Invariant Evaluation#

  • Signal–Narrative Coherence: 0.71
  • Distribution–Attention Fit: 0.83
  • Temporal–Signal Stability: 0.92
  • Attention–Narrative Feedback: 0.79

Multiple invariants are near or above collapse thresholds.

Basin Classification#

  • Closest basin: Cascade
  • Gate conditions: Satisfied
  • Distance: 0.11

The system has entered the Cascade attractor.

Mode Determination#

  • Drift magnitude: 0.37 (macro drift)
  • Dominant invariant: Temporal–Signal Stability
  • Mode: Cascade

The system is in a high‑energy, unstable state.

Drift Detection#

  • Δ from previous vector: large
  • Category: macro drift

Transition Detection#

  • Previous: Fragment / Drift
  • Current: Cascade / Cascade
  • Trigger: attention spike + cadence acceleration
  • Severity: 0.87

This is a high‑severity structural transition.

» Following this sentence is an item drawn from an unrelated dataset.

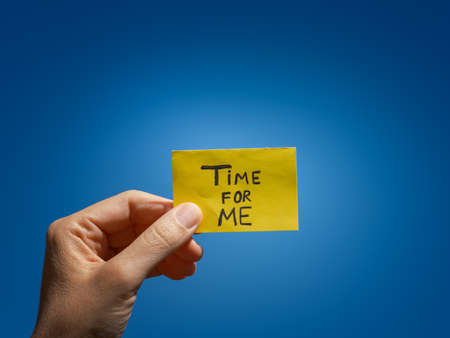 A woman holding a yellow note paper with the phrase Time for me on it in her hand over a blue sky. close up.
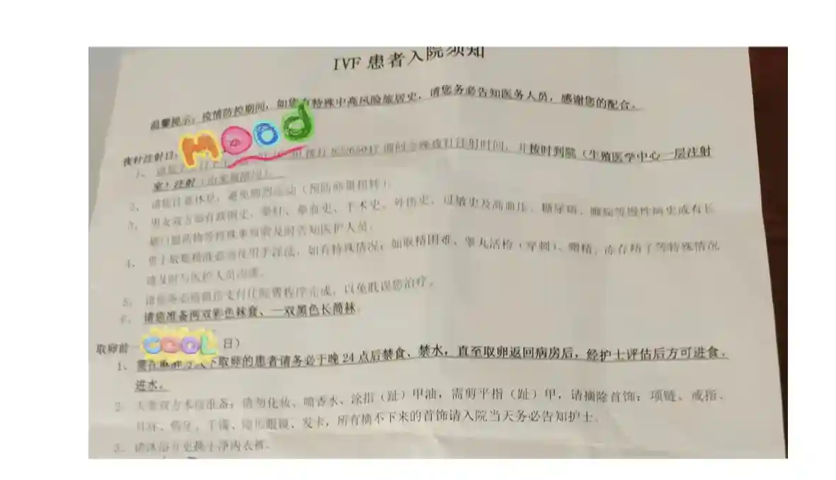 审证抽血后回到登记室门口听护士宣教(图4),总共十多分钟,建议准备纸笔记录或者录音。重点事项有:女方必须在取卵前持有24小时核酸,除三院以外的核酸都需打印,当天下午2:00开始打电话82265047询问夜针时间。这天上午男女双方都需要抽血,在三院做鼻拭子核酸。上午离院前最好买好取卵或移植需要的防滑袜子。

📗 Example 3 — Collapse Moving into Reconstruction#

Input Vector#

{
  S: 0.44,
  D: 0.39,
  A: 0.27,
  N: 0.36,
  T: 0.33
}

Invariant Evaluation#

  • Signal–Narrative Coherence: 0.41
  • Distribution–Attention Fit: 0.19
  • Temporal–Signal Stability: 0.22
  • Attention–Narrative Feedback: 0.28

Strain is decreasing across all invariants.

Basin Classification#

  • Closest basin: Reconstruction
  • Gate conditions: Satisfied
  • Distance: 0.17

The system is stabilizing and rebuilding.

Mode Determination#

  • Drift magnitude: 0.09 (micro drift)
  • Dominant invariant: Signal–Narrative Coherence
  • Mode: Reconstruction

The system is recovering from collapse.

Drift Detection#

  • Δ from previous vector: small
  • Category: micro drift

Transition Detection#

  • Previous: Collapse / Collapse
  • Current: Reconstruction / Reconstruction
  • Trigger: signal recovery + narrative stabilization
  • Severity: 0.33

A positive‑direction transition.


📕 Example 4 — Stagnation with Minimal Drift#

Input Vector#

{
  S: 0.31,
  D: 0.28,
  A: 0.12,
  N: 0.29,
  T: 0.14
}

Invariant Evaluation#

  • Signal–Narrative Coherence: 0.38
  • Distribution–Attention Fit: 0.09
  • Temporal–Signal Stability: 0.12
  • Attention–Narrative Feedback: 0.17

Low strain but also low energy.

Basin Classification#

  • Closest basin: Stagnation
  • Gate conditions: Satisfied
  • Distance: 0.13

Mode Determination#

  • Drift magnitude: 0.03 (micro drift)
  • Mode: Stable

The system is quiet, low‑energy, and structurally inert.

Drift Detection#

  • Category: micro drift

Transition Detection#

  • No transition detected
  • Trigger: none
  • Severity: 0.00

The system remains in Stagnation.


📓 Example 5 — Broadcast System Under Early Pressure#

Input Vector#

{
  S: 0.82,
  D: 0.91,
  A: 0.22,
  N: 0.87,
  T: 0.29
}

Invariant Evaluation#

  • Signal–Narrative Coherence: 0.08
  • Distribution–Attention Fit: 0.11
  • Temporal–Signal Stability: 0.14
  • Attention–Narrative Feedback: 0.09

Very low strain; system is stable.

Basin Classification#

  • Closest basin: Broadcast
  • Gate conditions: Satisfied
  • Distance: 0.07

Mode Determination#

  • Drift magnitude: 0.05
  • Mode: Stable

Drift Detection#

  • Category: micro drift

Transition Detection#

  • No transition
  • System remains stable

These examples give us a complete set of reference patterns for how the MSM Analyzer behaves across different structural conditions.